Unter den Fragen aus dem Publikum ging es zunächst darum, warum Indien für den globalen Start von SEEL ausgewählt wurde. Brendan Ozawa de Silva antwortete, dass das Programm das Ergebnis einer 20-jährigen Zusammenarbeit mit Seiner Heiligkeit sei und hier wohne er.
Seine Heiligkeit fügte hinzu: "Unter den alten Zivilisationen wie denen in Ägypten und China führte die Zivilisation des Industals zu einem reichen Wissen über das Funktionieren des Geistes und die Ansichten der Realität. Der Buddha als Produkt der indischen Tradition. Heutzutage hat Indien das Potenzial, der Menschheit zu helfen, indem es altes Lernen mit moderner Bildung kombiniert."
In Bezug auf Geräte wie Mobiltelefone sagte Seine Heiligkeit, dass die Technologie an sich wunderbar ist, aber es hängt davon ab, wie die Menschen sie nutzen. Er beobachtete, dass Führungskräfte dazu neigen, die Gemeinschaften, aus denen sie kommen, zu reflektieren. Da sich die Bildung heute eher auf die materielle Entwicklung konzentriert, ist es nicht verwunderlich, wenn das die Motivation für zeitgenössische Führungskräfte ist. Er schlug vor, dass es eine ganze Generation dauern kann, die Denkweise einer Gemeinschaft zu ändern.
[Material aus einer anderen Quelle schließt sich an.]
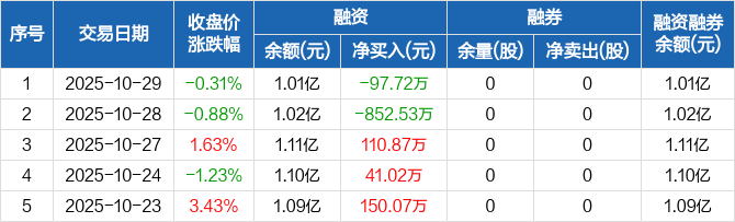 崇德科技:融资净偿还97.72万元,融资余额1.01亿元(10-29)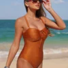 Swim Lushoire Summer Women Beach Outfits Solid Color Square Neck Tie-Up Casual One Piece Swimsuit BY SHEIN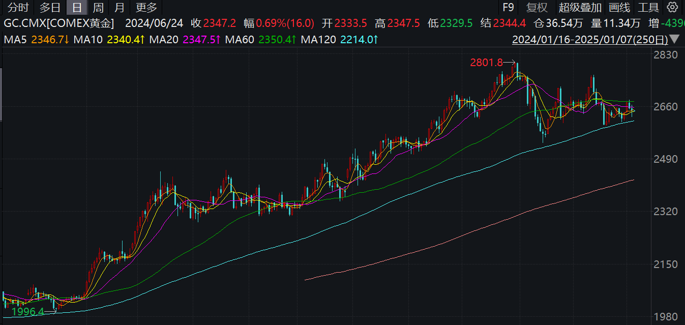 【環球網財經記者 田剛】2025年1月6日,國際貴金屬期貨收盤漲跌不一,COMEX黃金期貨跌0.29%報2647美元/盎司,COMEX白銀期貨漲1.4%報30.485美元/盎司。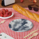 Teller mit blau-weiß pixeliger Wolke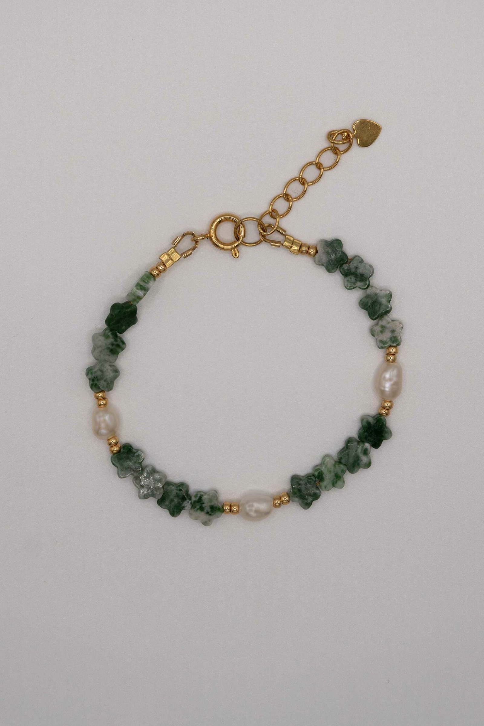 Les petites fleurs en pierre naturelle rappellent la croissance et l’équilibre. Le vert du Quartzite, symbole de stabilité émotionnelle et de paix intérieure, se marie à la lumière douce des perles d’eau douce. Ensemble, elles créent un contraste harmonieux, à la fois apaisant et raffiné.
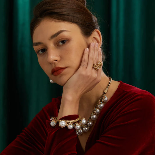 Women Vintage Natural Freshwater Pearl Wedding Designer Charms Gold Color Antique Bracelet

"Wir sind soziale Wesen - die Gefahr treibt uns auseinander, aber Mitgefühl bringt uns zusammen. Es ist so eine Schande, dass unsere wunderbare menschliche Intelligenz für die Entwicklung und Vermarktung von Waffen verschwendet wird, die nur zur Zerstörung eingesetzt werden können."
Seine Heiligkeit erwähnte seine Bewunderung für Jacinda Ardern und ihren geschickten Umgang mit der Situation nach dem jüngsten Angriff in Neuseeland. Er schätzte ihre Haltung der Gewaltlosigkeit und des gegenseitigen Respekts, von der jeder lernen kann.
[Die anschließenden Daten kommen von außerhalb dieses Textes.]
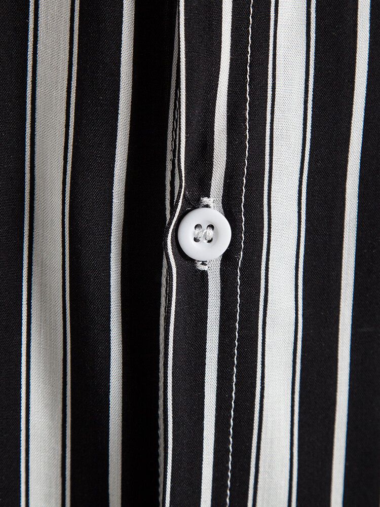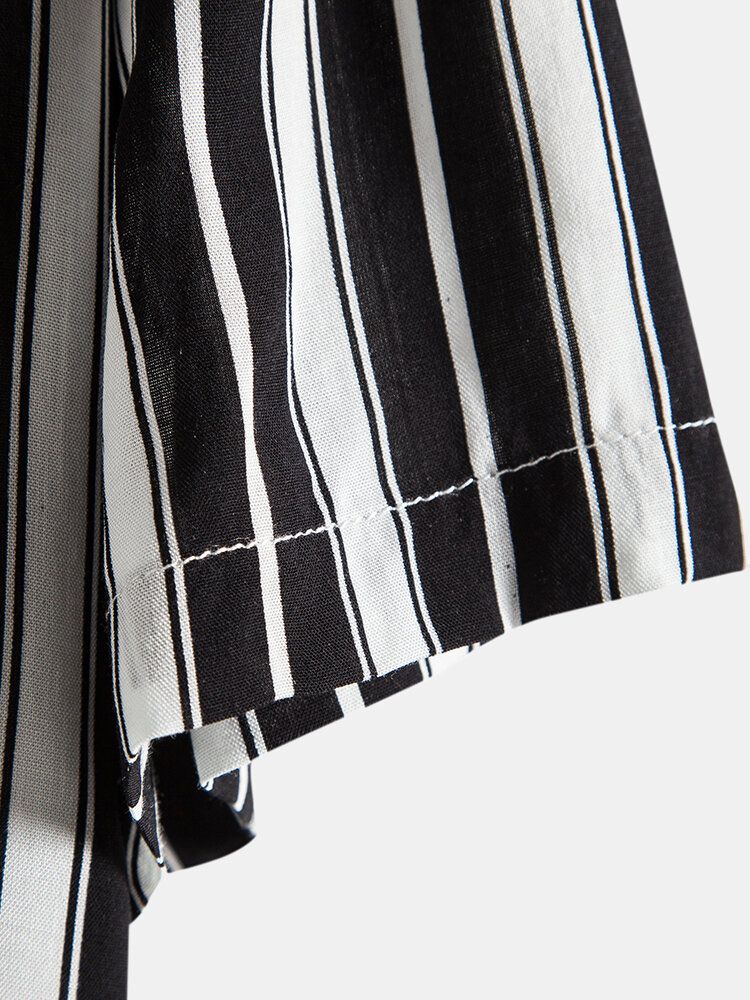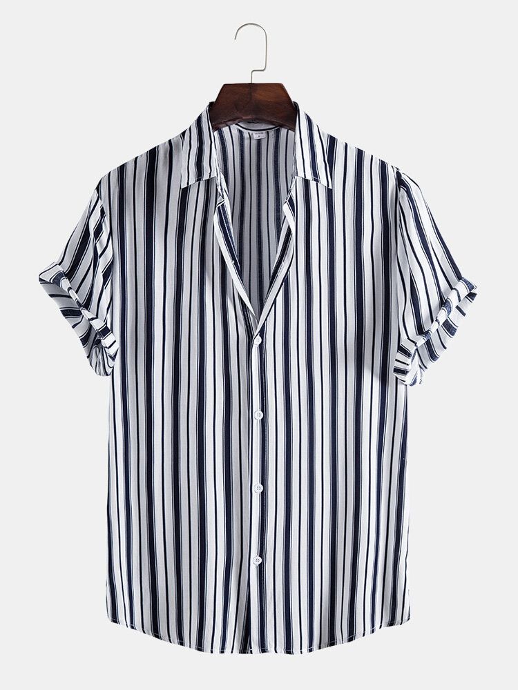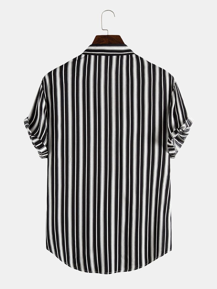 Mens Black Stripe Print Button Up Short Sleeve Lapel Casual Shirt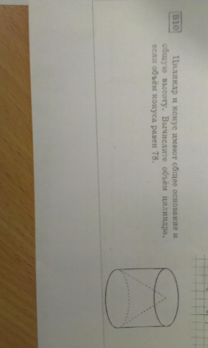 цилиндр и конус имеют общее основание и общую высоту . вычислитель объем цилиндра , если объем конуса равен 78

Im Hinblick auf seine eigene Reinkarnation schlug Seine Heiligkeit vor, dass sich die politische Situation in China verändert haben wird, wenn er noch 10-15 Jahre lebt. Wenn er hingegen im nächsten Jahr stirbt, könnte die chinesische Regierung ihren eigenen Kandidaten als Nachfolger anerkennen. Er würdigte den Wunsch des 1. Dalai Lama, dort geboren zu werden, wo er dazu beitragen konnte, das Leiden anderer zu lindern.
Morgen findet der offizielle Start des Programms Soziales, Emotionales und Ethisches Lernen statt.